This week the national currency lost EGP 1.5-2 against the US dollar, but on Wednesday the Egyptian pound stabilised at the Central Bank of Egypt (CBE) and other banks in the market.
At banks on Wednesday, the US dollar changed hands at EGP 17-17.5 for buying and EGP 17.4-18.25 for selling—the same rate as Tuesday.
The dollar has been gaining ground against the pound since Sunday, which caused alarm in the market.
Mohamed Abdel Aal, a board member of both the Suez Canal Bank and the Arab Sudanese Bank, said that it is not good, nor necessary, for the US dollar price to follow a downtrend so early after the flotation of the national currency.
“It should be moving up and down according to supply and demand,” he added.
Moreover, he predicted that the rate will move around EGP 16 in the coming days. He attributed this expectation to encouraging investment and hedge funds to sell their US dollars and invest in treasury bills and bonds denominated in pounds, in addition to countering the expected demand on the dollar after the CBE allowed banks to finance imports of non-essential goods.
He assured that the variations in exchange rates among banks and its movement is normal.
“The new exchange rate policy needs an appropriate period to pass through the transition phase and ensure the effectiveness of the market,” he explained. “The availability of the greenback and emergence of market-making banks and primary dealers who would cover the demand and set the fair price might take some time.”

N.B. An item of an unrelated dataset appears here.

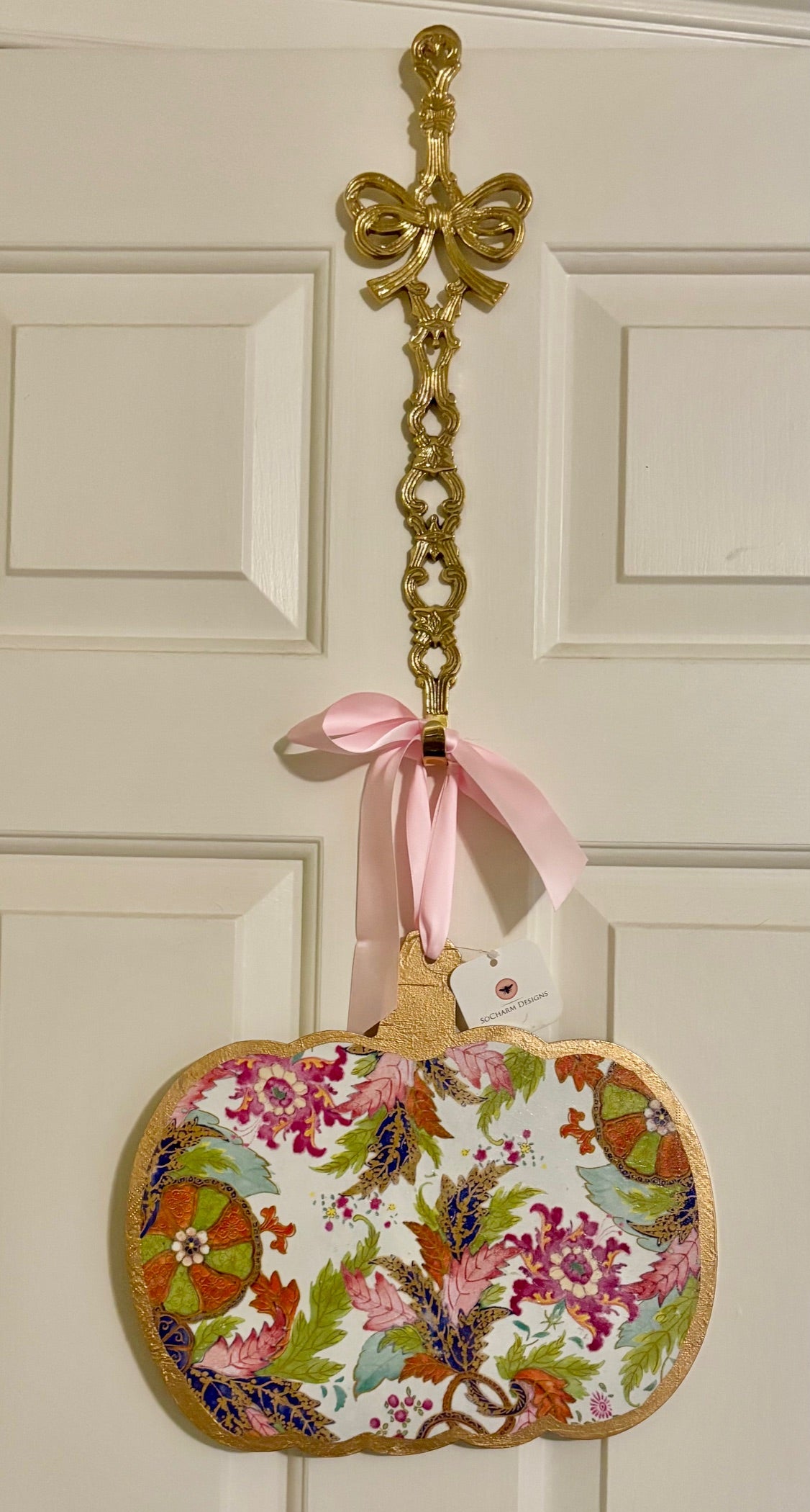 This hand decoupaged and painted 12” door hanger is made from wood and is perfect to hang on the door alone or to add to a wreath for home decor.

Tamer Youssef, head of the treasury at a foreign bank operating in the Egyptian market, said that full flotation makes currency more sensitive to changes that affect demand and the supply, which reflects on the official exchange rate.

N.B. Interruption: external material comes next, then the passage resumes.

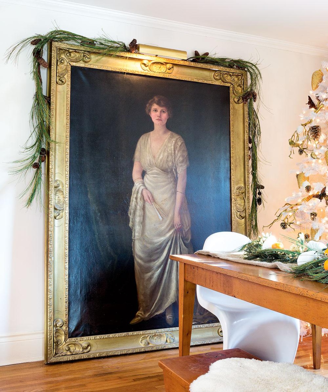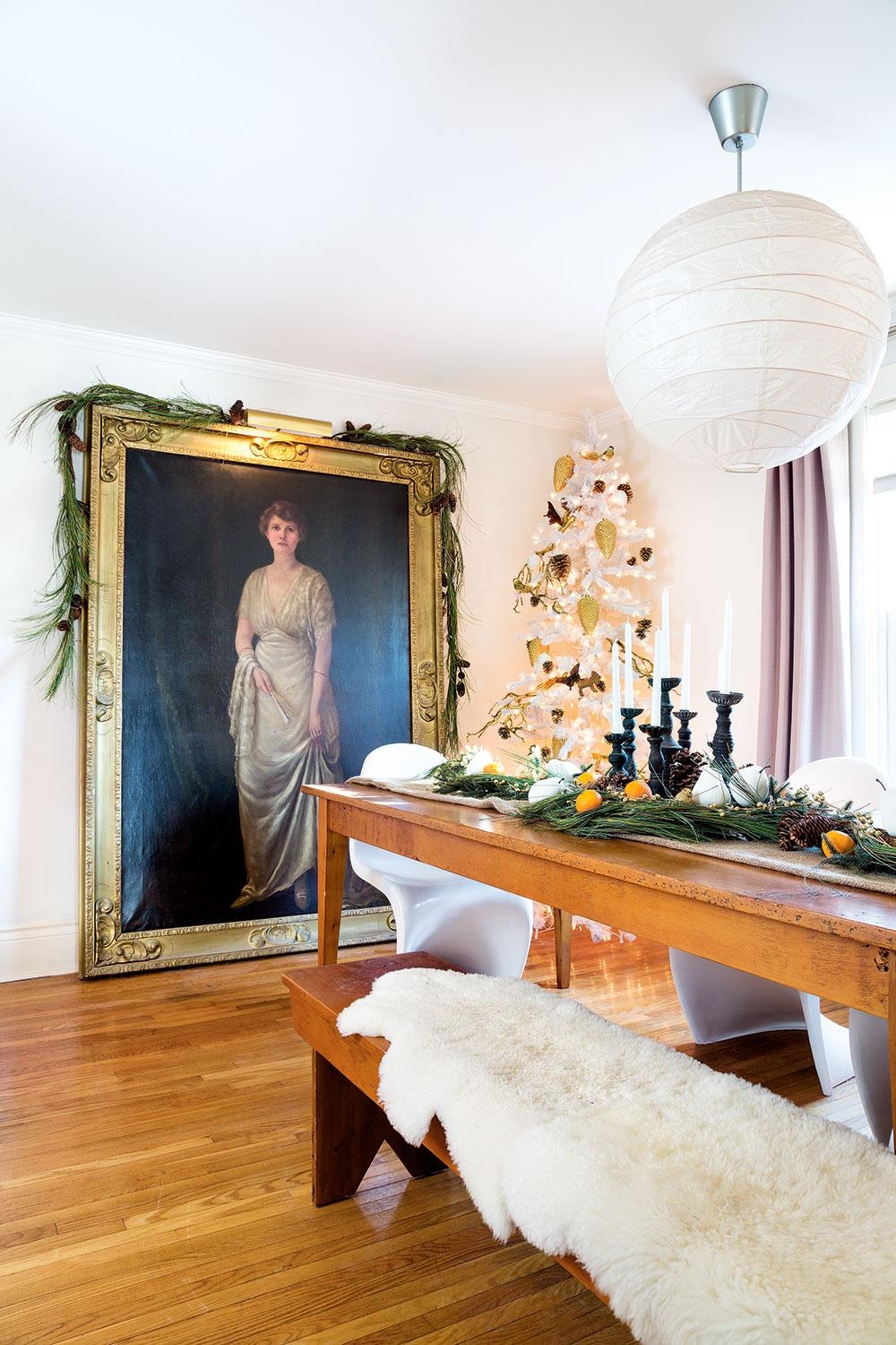 Bertelsen’s home dates back to the 19th century, so it was only natural for her to take a few decorating cues from Christmases past—particularly when it came to dressing her dining table. “I wanted to do Downton Abbey— what they would’ve had in the kitchen, not the upstairs,” she says. That translated into period-appropriate decorations such as the zinc candelabra, pinecones and oranges (“Though they never would’ve had that many oranges—or sparkly pears—back then,” she laughs).

He added that this is something new in Egypt, where in recent years the CBE had always set a fixed price, while the unofficial market moved according to market conditions.
He also assured that the rise and fall of the exchange rate is normal until it reaches a real price that both balances supply and demand and achieves the state’s monetary targets, especially price stability.
He pointed out that the state is currently aiming to attract foreign investors to invest in government debt instruments and the Egyptian Exchange (EGX), as a step prior to attracting foreign direct investment. “This will not be realised before establishing an attractive exchange rate and a high return on investment in the national currency,” he explained. “This is why the rate is likely to remain around EGP 16 for about three months.”
He added that this will then be followed by inflow of direct investments, which would raise Egypt’s credit rating and increase its foreign exchange reserves—eventually leading the exchange rate lower to EGP 14.